Уличные цветочницы, обгоняя друг дружку, бросились к экипажу:

— Вот белые розы!

— А у меня чайные…

— Возьмите кубанские, пунцовые!

— Давай корзину! Триста рублей за корзину! — объявил Апостолов, отмахиваясь от протянутых к нему букетов.

Две проворные бабенки, сложив цветы в одну корзину, ринулись к фаэтону:

— Возьми, комиссар, вот полная корзина!

Апостолов кинул длинную, неразрезанную ленту керенок цветочницам и, передав корзину с розами Соньке Подгаевской, помог ей сойти с фаэтона.

Неся в одной руке сумочку из серебряных цепочек, а в другой корзину, Сонька гордо шествовала сквозь толпу, изумленно глазевшую на нее. Семеня ногами в желтых крагах и сунув руку в карман широчайших красных галифе, окантованных позолоченными лентами, Апостолов картинно придерживал Соньку за локоть. Какой-то вихрастый матросик, поглядев вслед, весело воскликнул:

— Ой, мамаша, я пропала, меня целует кто попало!

Не успела Глаша унять чувство стыда, вызванного этой нелепой сценой, как у цирка остановилось разом пять фаэтонов. Из первого экипажа выскочил и ринулся к кассе Макс Шнейдер.

— Даешь пять цирковых лож для пяти проституток! — Он растолкал публику, стоявшую за билетами.

— Почти каждый вечер здесь можно наблюдать нечто подобное, — сказал Шемякин, подойдя к Глаше с билетами, которые держал в руке, висевшей на черной ленте. — Не понимаю, почему «чрезвычайные комиссары» облюбовали для демонстрации своих забав именно цирк? Не потому ли, что здесь никогда нет недостатка в зрителях? Впрочем, эти типы еще любят гонять вскачь извозчиков по городу. «Ну-ка, от памятника к памятнику — ветром! — приказывает кто-нибудь из них. — Пшел!» И, развалясь на сиденье, тычет дулом револьвера в спину извозчика. А другой орет: «На тыщу и гони карьером в Чистяковскую рощу и обратно, в городской сад!» Кураж таких молодчиков весьма вреден.

— Ладно, пошли в цирк! — сказала Глаша.

Больше года она не была в цирке. За этот срок произошло то, что перевернуло все основы русской жизни.
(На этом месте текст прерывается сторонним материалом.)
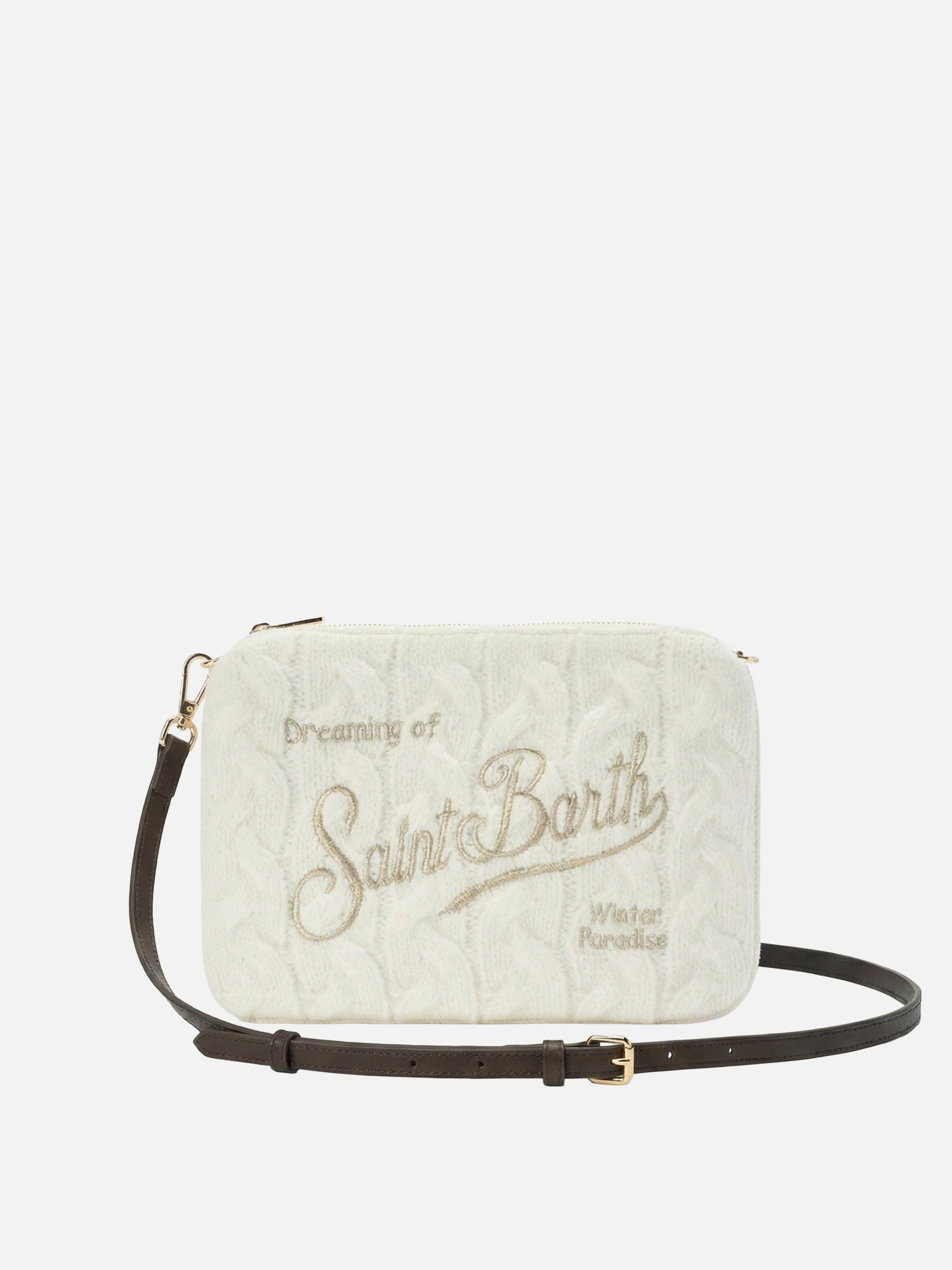 Borsa crossbody Parisienne Wool Braid in misto lana a trecce bianca
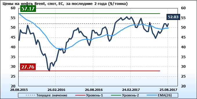 Цены на нефть сорта Brent с поставкой из портов ЕС выросли на 1.45 до 52.03 долларов за баррель. Тренд на рынке Brent растущий.
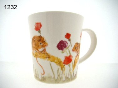 Afmetingen: Ongeveer 250 ml inhoud Materiaal: Keramiek Design: De mok heeft een kleurrijke illustratie van twee muizen tussen bloemen, waaronder rode en paarse bloesems. Het ontwerp is geschilderd in een aquarelstijl, wat het een zachte en artistieke uitstraling geeft.

Все изменилось, и в цирк пришел новый зритель — рабочие, красноармейцы, матросы. Нигде — ни в ложах, ни в ярусах партера — не было прежних шляпок. Но поразило, что новая публика встречала и провожала дружными аплодисментами артистов в цилиндрах, во фраках, смокингах, лакированных туфлях, в бальных платьях, расшитых золотыми блестками, в розовых трико, в белых балетных пачках. Хорошенькие наездницы, гарцуя на холеных конях, как прежде, посылали воздушные поцелуи в публику. Униформисты в малиновых костюмах, украшенных зелеными галунами, проворно убирали и расстилали ковер, устанавливали и разбирали деревянные и металлические конструкции, гимнастические снаряды, а рыжий клоун Донати, путаясь между ними, картаво кричал в оркестр:

— Еще полпорции камаринского!

Акробаты, эквилибристы, жонглеры-эксцентрики, воздушные гимнасты так же, как и прежде, ловко проделывали свои трюки. А их с нарочитой неловкостью имитировал все тот же Донати, неутомимый любимец публики с оранжево-огненными волосами, мучным лицом и красным носом картошкой. Иногда он со всего размаха шлепался на ковер и, тут же вскочив на ноги, грозил палкой публике.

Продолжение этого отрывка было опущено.